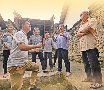 记者何勇(左一)在湖南桂东县寨前镇广场采访黄维忠老人。
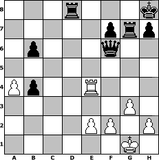 game notation in PGN-format [Event "Sommerpausen-F"] [Site "www.myChess.de"] [Date "2013.07.07"] [Round "1"] [White "gunni50"] [Black "Gauss1233"] [ECO "B30"] [WhitemyELO "1260"] [BlackmyELO "1396"] [Result "0-1"] [TimeControl "10/2592000"] [WhiteDays "104"] [BlackDays "071"] [MyChessNo "89186"] 1. e4 c5 2. Nf3 Nc6 3. Nc3 e6 4. Bb5 Qc7 5. O-O Nf6 6. d3 Bd6 7. b3 Nd4 8. a4 a6 9. g3 axb5 10. Be3 Nxf3+ 11. Qxf3 b4 12. Nb5 Qc6 13. Rac1 b6 14. Nxd6+ Qxd6 15. Bf4 e5 16. Bg5 Bb7 17. c3 O-O 18. cxb4 cxb4 19. Bxf6 gxf6 20. Qg4+ Kh8 21. Rcd1 Rg8 22. Qh4 Qe6 23. d4 exd4 24. Rxd4 Qxb3 25. Qxf6+ Rg7 26. Rxd7 Bxe4 27. Re1 Qf3 28. Rd8+ Rxd8 29. Rxe4 Qxf6 0-1 position notation in FEN-format 3r3k/5prp/1p3q2/8/Pp2R3/6P1/4PP1P/6K1 - - - 0 30 Captured white pieces: Captured black pieces: Click on a captured piece in order to display the desired move!
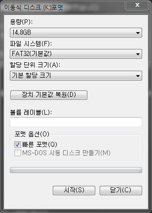 ์ด๋์ ๋์คํฌ ํฌ๋งท ์์. 16G๋ฉ๋ชจ๋ฆฌ์ ๋ด์๋ณด์๋๋ฐ๋ ์ ๋จ.

Work to be completed —
Every line above should be duplicated exactly; the pictures are to be left out.

Task output —
 记者何勇(左一)在湖南桂东县寨前镇广场采访黄维忠老人。
 game notation in PGN-format [Event "Sommerpausen-F"] [Site "www.myChess.de"] [Date "2013.07.07"] [Round "1"] [White "gunni50"] [Black "Gauss1233"] [ECO "B30"] [WhitemyELO "1260"] [BlackmyELO "1396"] [Result "0-1"] [TimeControl "10/2592000"] [WhiteDays "104"] [BlackDays "071"] [MyChessNo "89186"] 1. e4 c5 2. Nf3 Nc6 3. Nc3 e6 4. Bb5 Qc7 5. O-O Nf6 6. d3 Bd6 7. b3 Nd4 8. a4 a6 9. g3 axb5 10. Be3 Nxf3+ 11. Qxf3 b4 12. Nb5 Qc6 13. Rac1 b6 14. Nxd6+ Qxd6 15. Bf4 e5 16. Bg5 Bb7 17. c3 O-O 18. cxb4 cxb4 19. Bxf6 gxf6 20. Qg4+ Kh8 21. Rcd1 Rg8 22. Qh4 Qe6 23. d4 exd4 24. Rxd4 Qxb3 25. Qxf6+ Rg7 26. Rxd7 Bxe4 27. Re1 Qf3 28. Rd8+ Rxd8 29. Rxe4 Qxf6 0-1 position notation in FEN-format 3r3k/5prp/1p3q2/8/Pp2R3/6P1/4PP1P/6K1 - - - 0 30 Captured white pieces: Captured black pieces: Click on a captured piece in order to display the desired move!
 ์ด๋์ ๋์คํฌ ํฌ๋งท ์์. 16G๋ฉ๋ชจ๋ฆฌ์ ๋ด์๋ณด์๋๋ฐ๋ ์ ๋จ.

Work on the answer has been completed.